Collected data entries
++++++++

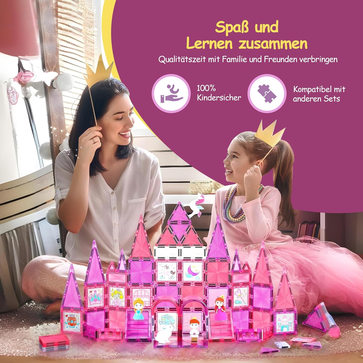 • FÖRDERUNG DER KREATIVITÄT UND MOTORIK: Magnetische Bausteine fördern Kreativität, Problemlösung und Feinmotorik, während Kinder spielerisch Farben, Formen und Zahlen entdecken.
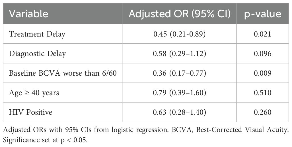 A multivariable logistic regression model was used to evaluate the association between treatment delay and odds of complete visual recovery stratified by the following key confounders: baseline BCVA, age, sex, and comorbidities (HIV, diabetes, and hypertension). A p-value <0.05 was considered statistically significant.
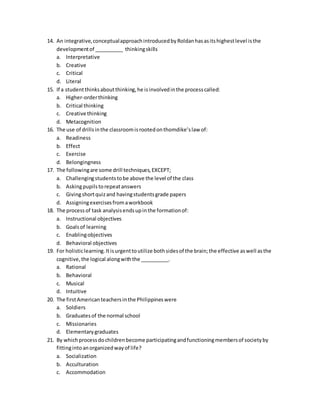 The document contains a multiple choice test with questions about education, teaching philosophies, learning theories, and classroom management. It asks about concepts like the whole child approach, types of intelligence, Bloom's taxonomy, Gardner's theory of multiple intelligences, and Kounin's with-it-ness principle of classroom management. The test contains questions to assess knowledge of educational psychology and best practices for teaching.
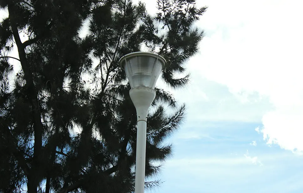 Industrias Toljy propuso e instaló el luminario modelo Málaga de la línea punta de poste modernista, ideal para espacios públicos con diseño tradicional y funcionalidad moderna.
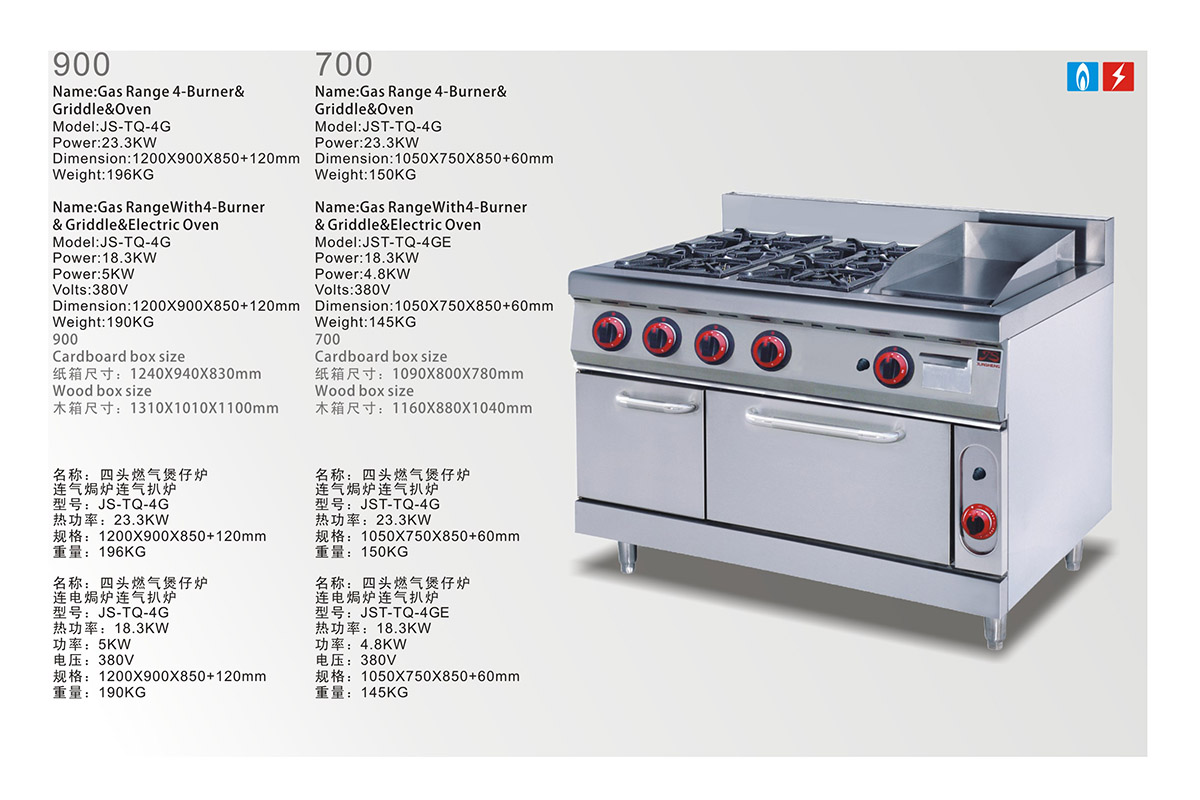 产品名:四头燃气煲仔炉连焗炉连气扒炉
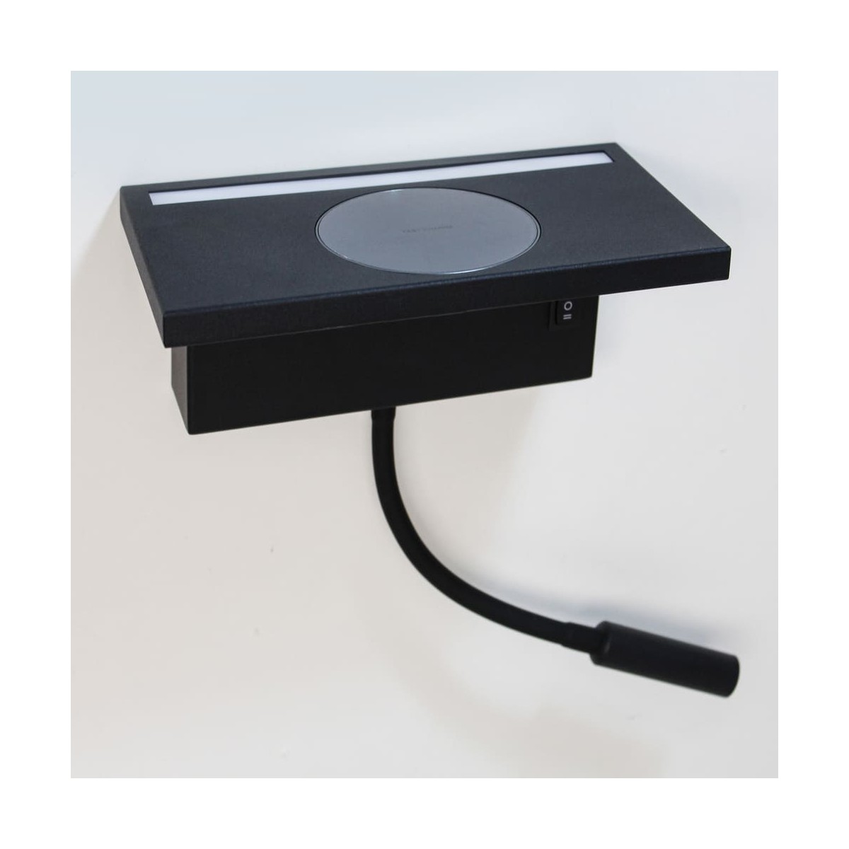 Applique LED Rob II 22cm Noire 5W+3W 530Lm 3000K USB et Chargeur Sans Fil
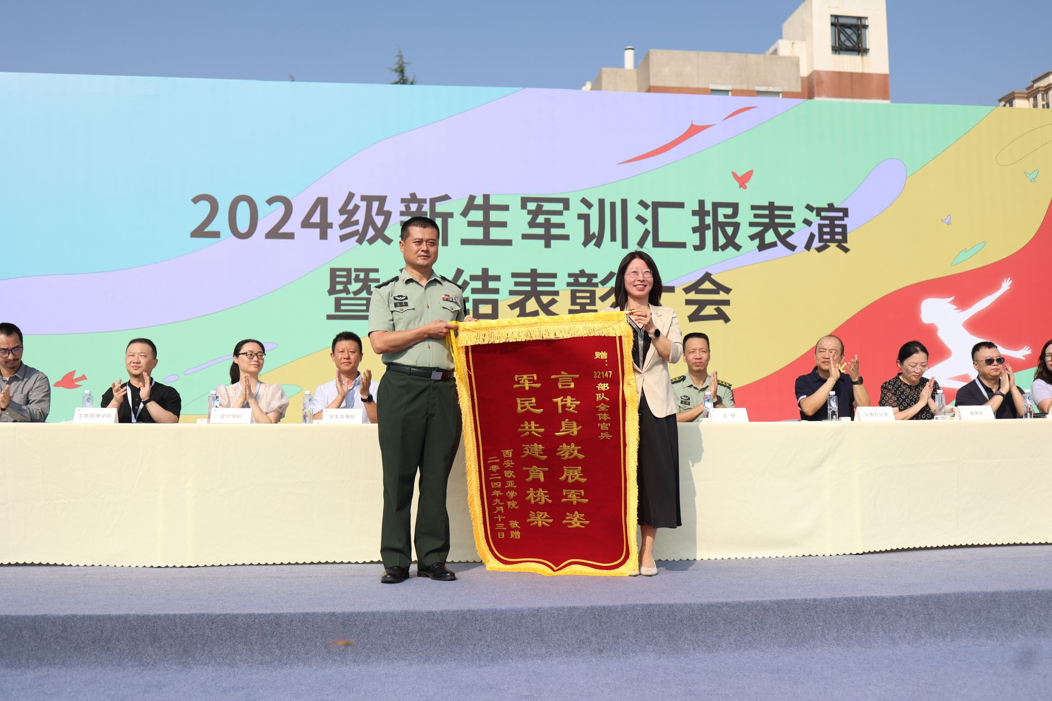 颁奖结束后,学校副校长张乐芳教授为32147部队赠送锦旗。她代表学校向全体教官的辛苦付出表示衷心感谢,感谢他们为同学们的成长和进步所做出的贡献。
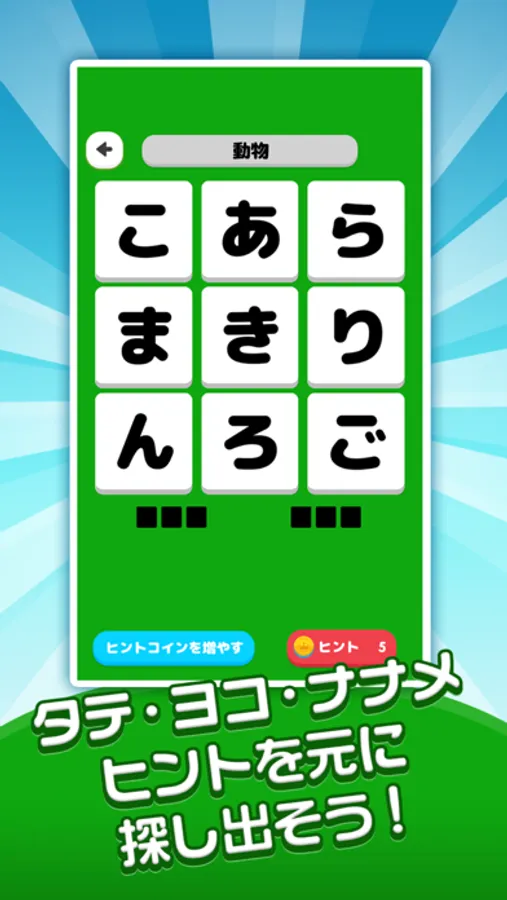 お題を元に、タテ・ヨコ・ナナメに指をなぞって、もじを探してね。
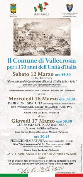 Le iniziative organizzate dall'Assessorato alla Cultura del Comune di Vallecrosia e coordinate dall'Assessore delegato Armando Biasi, sono iniziate sabato 12 marzo, alle ore 16.30, presso la Sala Polivalente comunale di Vallecrosia (Via C. Colombo solettone sud), con la conferenza 'Il contributo dei Carabinieri all'Unità d'Italia 1814 - 1861' tenuta del Luogotenente Carabinieri in congedo Cav. Giovanni Silvio Govoni.
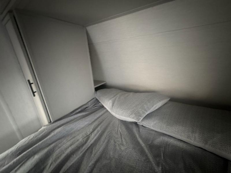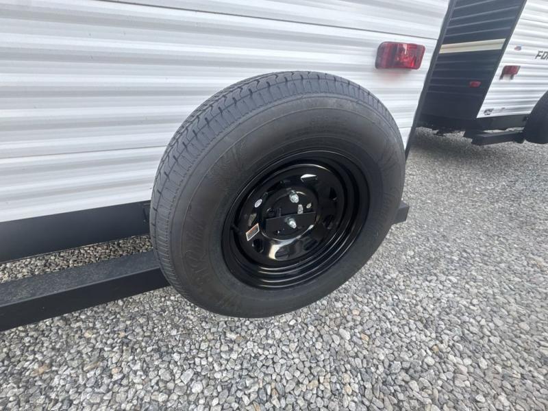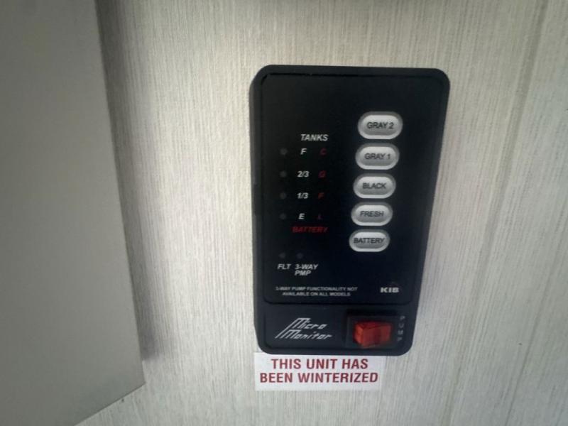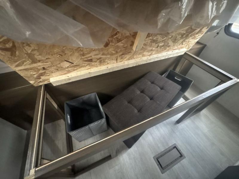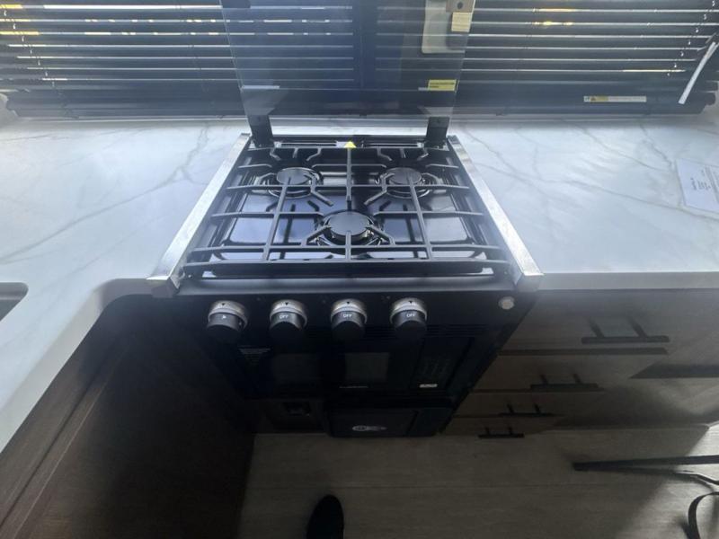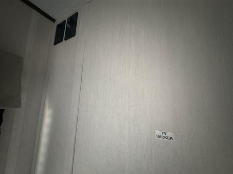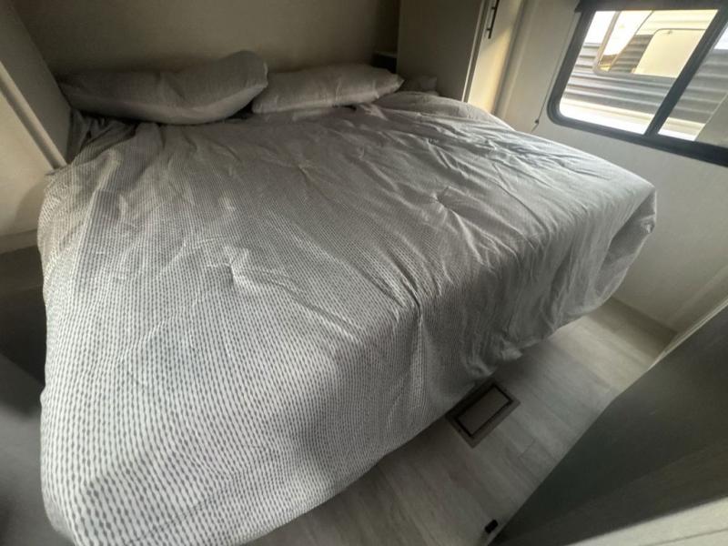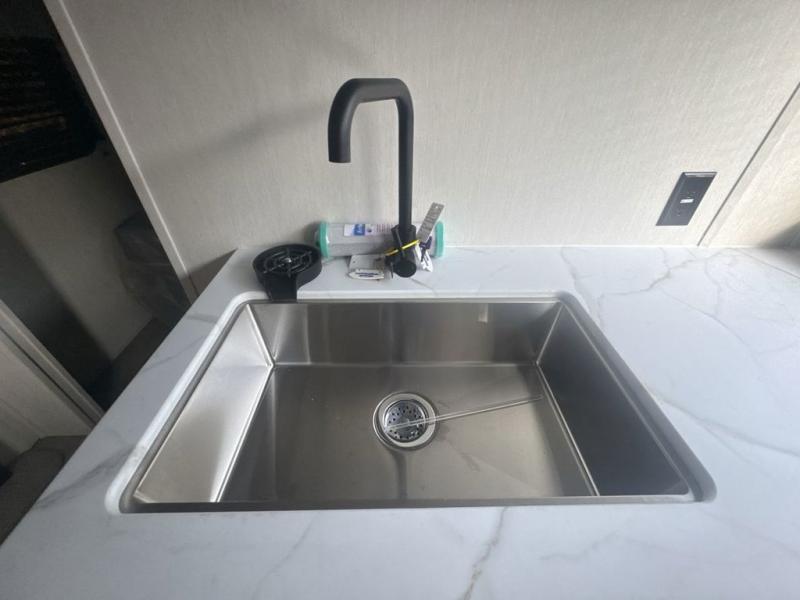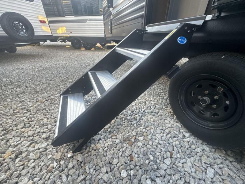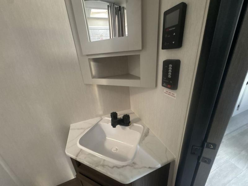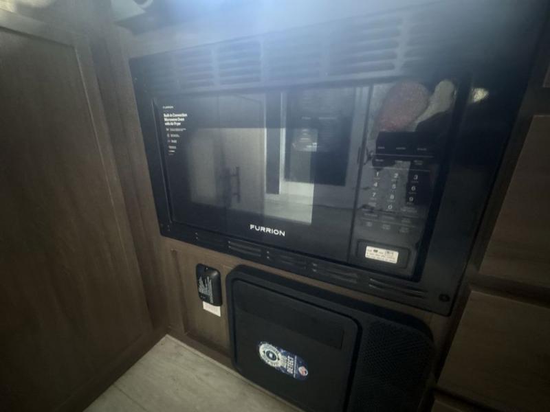 Head to your local state park in this spacious travel trailer! Once you arrive at the campground, you can grab a cold drink from the exterior refrigerator, then head inside to make lunch. An L-shaped counter with two stools provides a place to enjoy your morning coffee at, or you may find yourselves on the sofa within the slide out. The pantry and 12V refrigerator is also found here and can hold all your food for the week. You'll feel right at home in the front private bedroom that includes a camp king bed, dual wardrobes, and an overhead cabinet for even more storage. This model also includes washer and dryer prep if you choose to add those appliances!
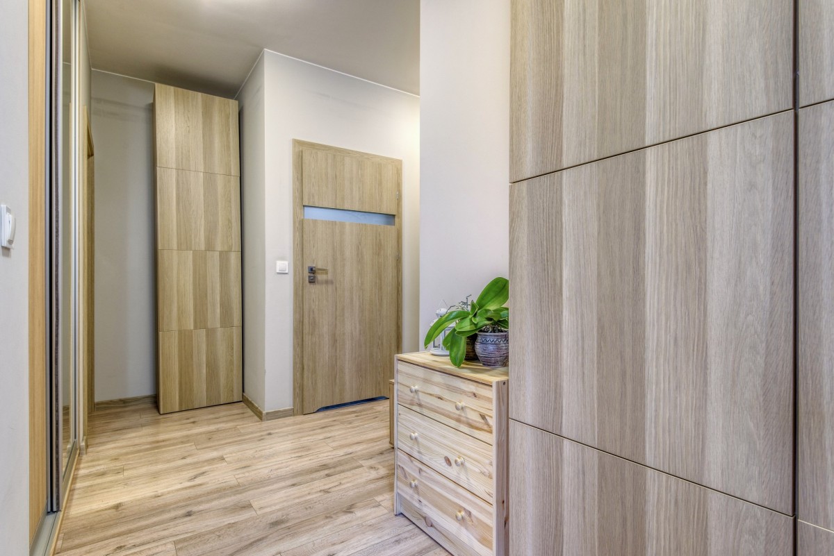 Sypialnia o powierzchni 9,53 m² ma kształt kwadratu, co czyni ją wyjątkowo ustawną i pozwala na swobodną aranżację wnętrza. Komfort dopełnia przestronny korytarz (9,72 m²), który umożliwia wygodne rozmieszczenie szaf i zapewnia poczucie przestrzeni. Łazienka o powierzchni 5,73 m² jest utrzymana w nowoczesnym stylu i nie wymaga żadnych nakładów finansowych.

++++++++

- _WHAT NEEDS TO BE DONE_
What you write out is the stretch of entries from the line containing "Le iniziative organizzate" to the line containing "Head to your", word for word, with both end lines and no pictures.

- _TASK SOLUTION_
 Le iniziative organizzate dall'Assessorato alla Cultura del Comune di Vallecrosia e coordinate dall'Assessore delegato Armando Biasi, sono iniziate sabato 12 marzo, alle ore 16.30, presso la Sala Polivalente comunale di Vallecrosia (Via C. Colombo solettone sud), con la conferenza 'Il contributo dei Carabinieri all'Unità d'Italia 1814 - 1861' tenuta del Luogotenente Carabinieri in congedo Cav. Giovanni Silvio Govoni.
 Head to your local state park in this spacious travel trailer! Once you arrive at the campground, you can grab a cold drink from the exterior refrigerator, then head inside to make lunch. An L-shaped counter with two stools provides a place to enjoy your morning coffee at, or you may find yourselves on the sofa within the slide out. The pantry and 12V refrigerator is also found here and can hold all your food for the week. You'll feel right at home in the front private bedroom that includes a camp king bed, dual wardrobes, and an overhead cabinet for even more storage. This model also includes washer and dryer prep if you choose to add those appliances!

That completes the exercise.